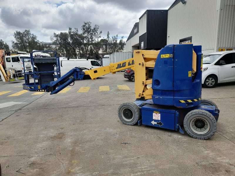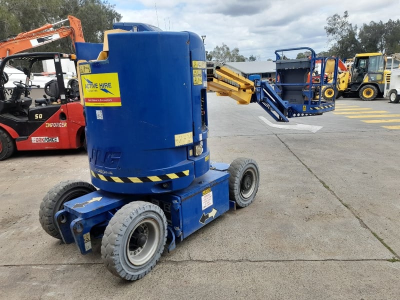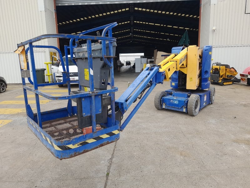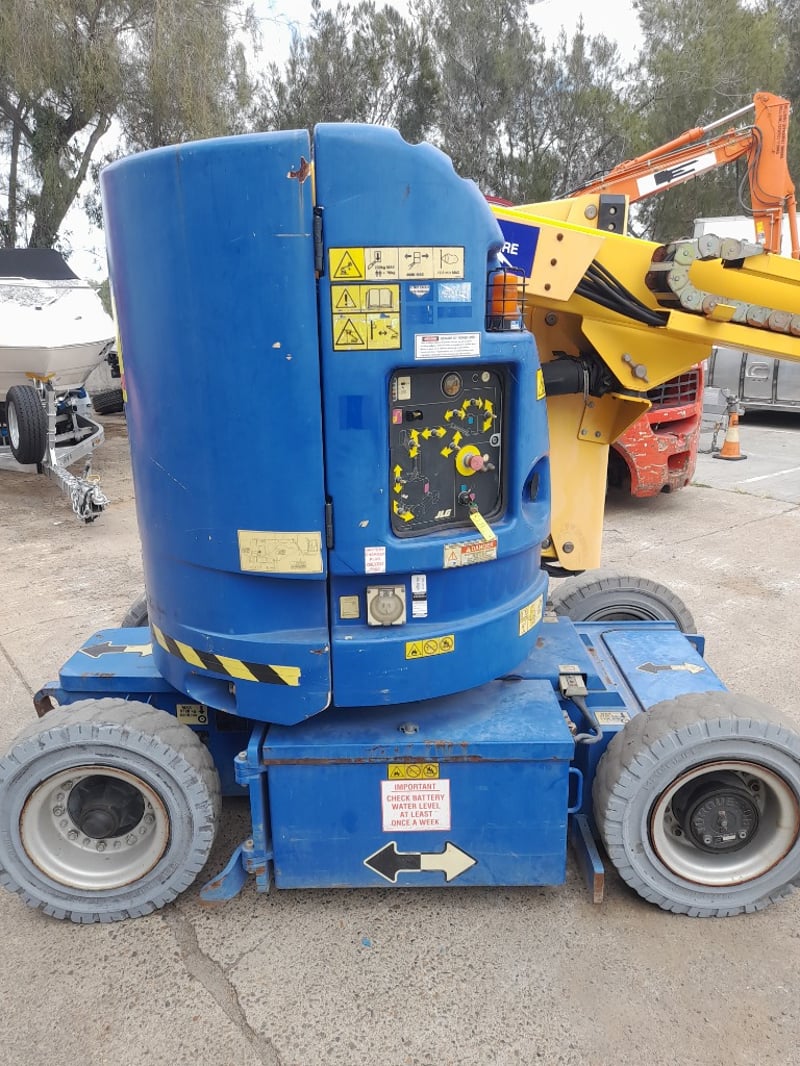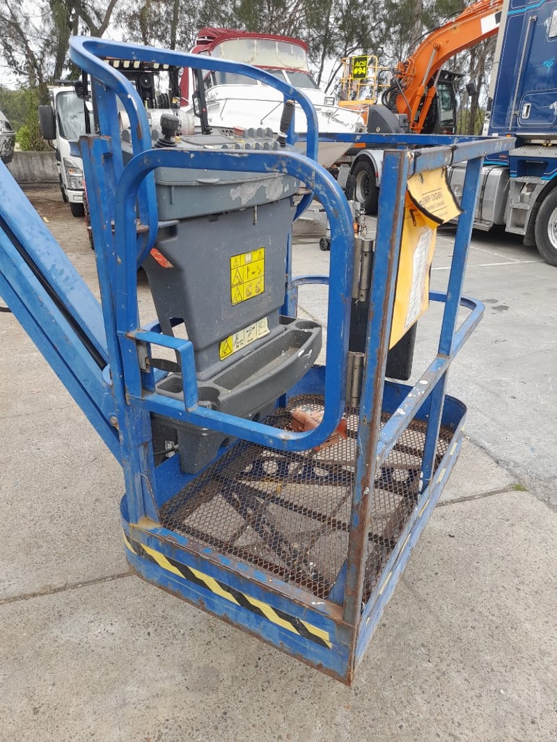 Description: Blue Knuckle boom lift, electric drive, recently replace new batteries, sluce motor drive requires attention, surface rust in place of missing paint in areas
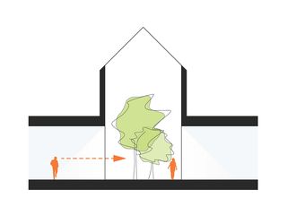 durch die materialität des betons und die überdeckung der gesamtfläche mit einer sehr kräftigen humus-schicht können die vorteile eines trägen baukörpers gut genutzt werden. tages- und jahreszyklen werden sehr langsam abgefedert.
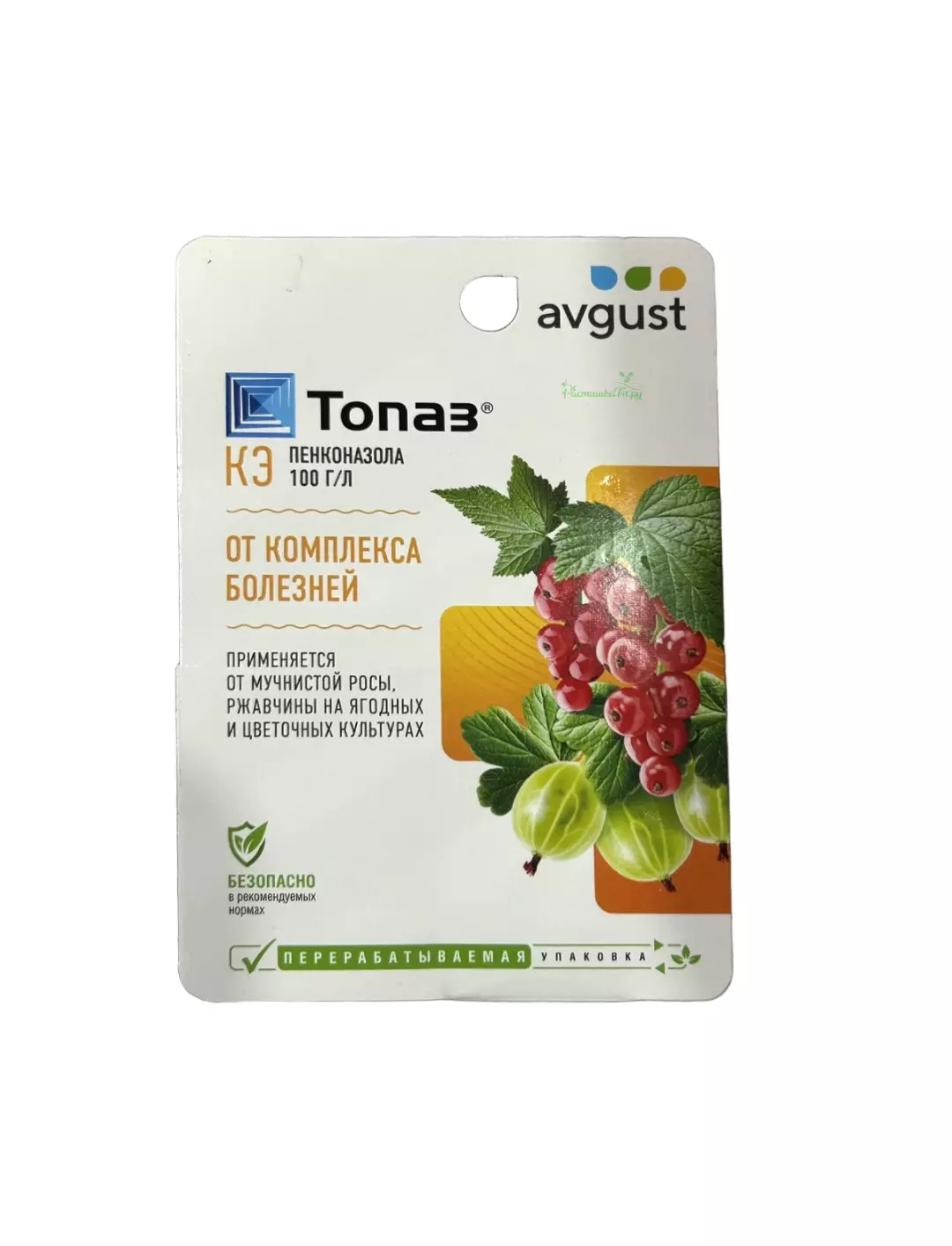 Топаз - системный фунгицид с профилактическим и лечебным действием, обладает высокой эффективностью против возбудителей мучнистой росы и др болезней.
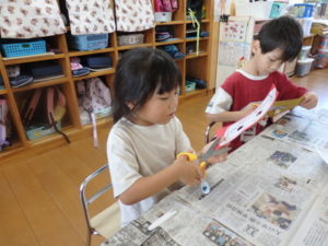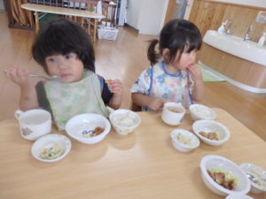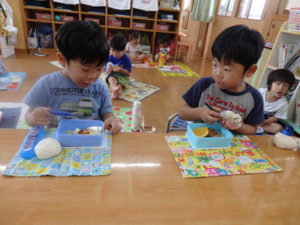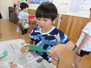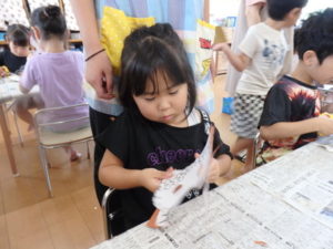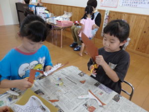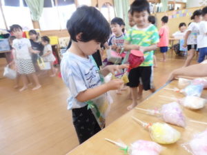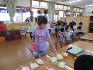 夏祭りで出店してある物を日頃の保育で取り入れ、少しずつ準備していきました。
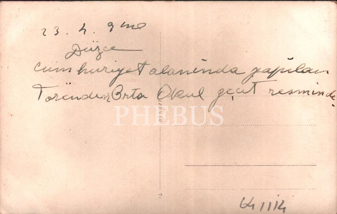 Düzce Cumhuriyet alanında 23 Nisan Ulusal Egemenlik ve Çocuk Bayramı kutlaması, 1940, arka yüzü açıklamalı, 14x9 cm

---

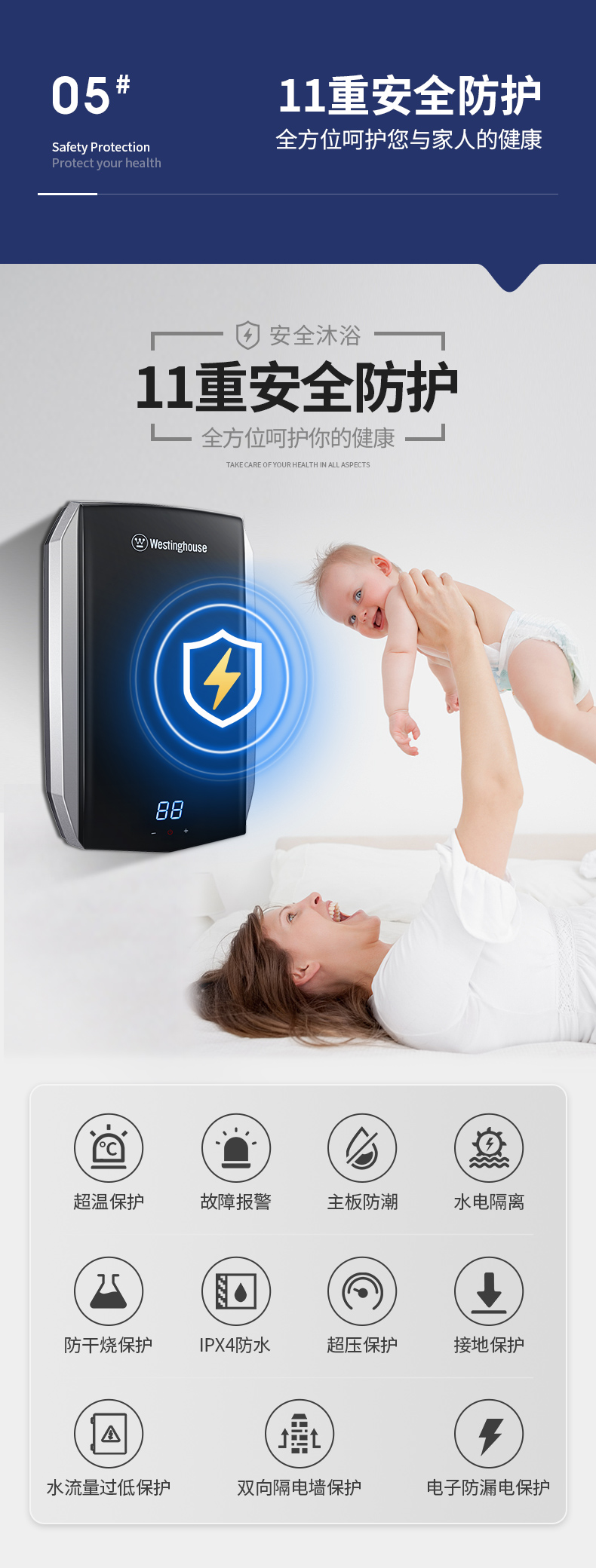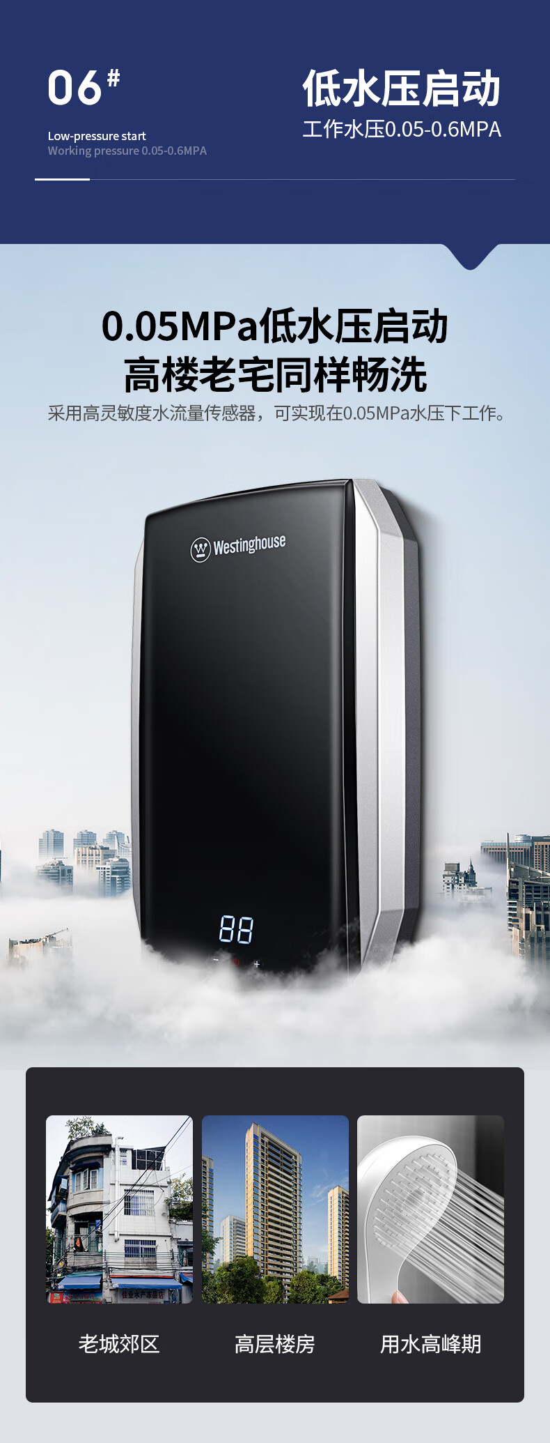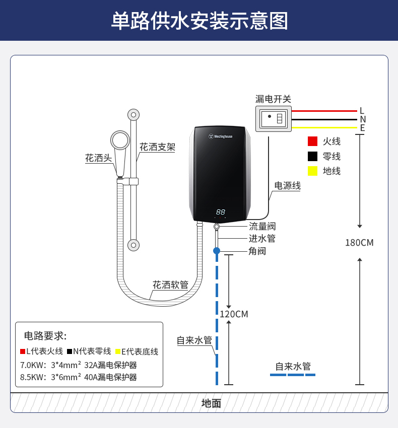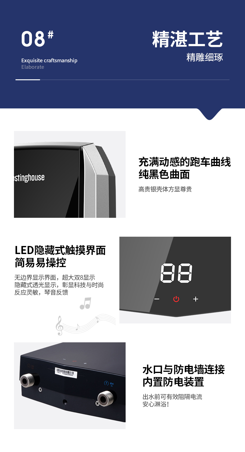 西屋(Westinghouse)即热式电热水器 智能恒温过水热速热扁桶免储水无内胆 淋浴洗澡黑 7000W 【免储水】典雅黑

• [YOUR INSTRUCTIONS] Range to copy from the listing above: the line containing "Топаз - системный" down to the line containing "Düzce Cumhuriyet alanında", both included. Reproduce it exactly, minus the pictures, and add nothing.

• [TASK RESULT]
 Топаз - системный фунгицид с профилактическим и лечебным действием, обладает высокой эффективностью против возбудителей мучнистой росы и др болезней.
 夏祭りで出店してある物を日頃の保育で取り入れ、少しずつ準備していきました。
 Düzce Cumhuriyet alanında 23 Nisan Ulusal Egemenlik ve Çocuk Bayramı kutlaması, 1940, arka yüzü açıklamalı, 14x9 cm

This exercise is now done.